(Provided information Opens)

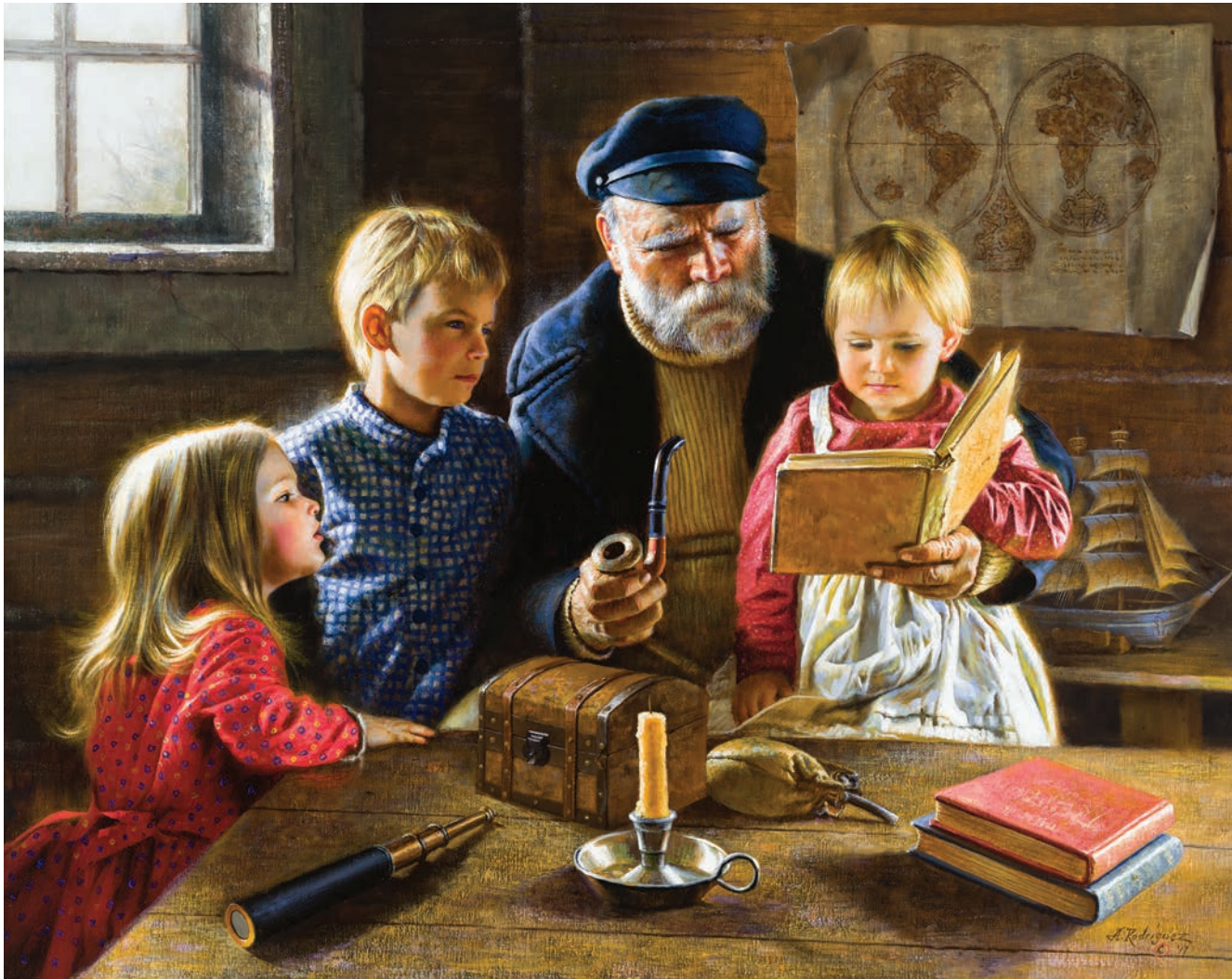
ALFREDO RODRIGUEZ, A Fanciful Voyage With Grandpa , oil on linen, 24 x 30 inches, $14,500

(Provided information Closes)
(Provided information Opens)

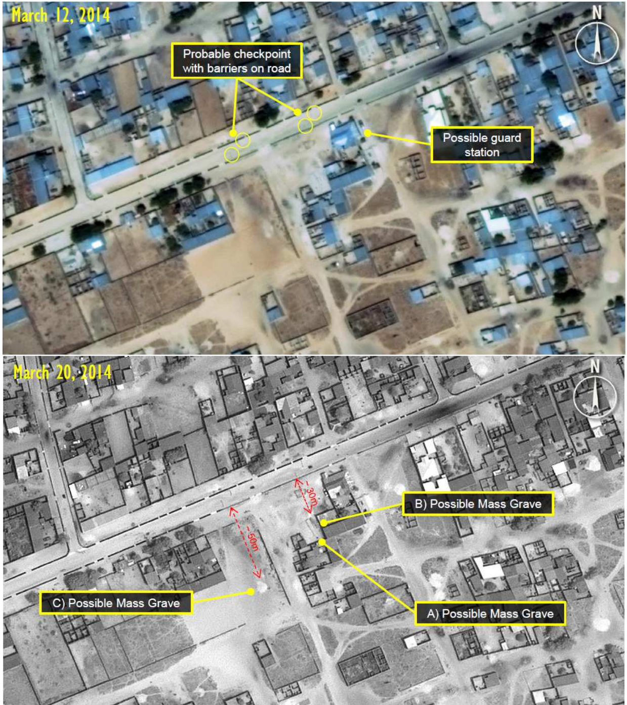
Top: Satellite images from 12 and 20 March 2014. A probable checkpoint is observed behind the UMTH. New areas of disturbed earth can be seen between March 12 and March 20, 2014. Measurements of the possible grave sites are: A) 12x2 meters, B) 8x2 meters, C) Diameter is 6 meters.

(Provided information Closes)
(Provided information Opens)

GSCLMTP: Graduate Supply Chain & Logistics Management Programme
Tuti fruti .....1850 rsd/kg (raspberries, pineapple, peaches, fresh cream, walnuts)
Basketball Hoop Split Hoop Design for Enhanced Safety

(Provided information Closes)

* [What is required] Scan the entries above for the line containing "GSCLMTP: Graduate Supply", and copy it and all lines after it exactly, down to and including the line containing "Basketball Hoop Split".

* [Completed task]
GSCLMTP: Graduate Supply Chain & Logistics Management Programme
Tuti fruti .....1850 rsd/kg (raspberries, pineapple, peaches, fresh cream, walnuts)
Basketball Hoop Split Hoop Design for Enhanced Safety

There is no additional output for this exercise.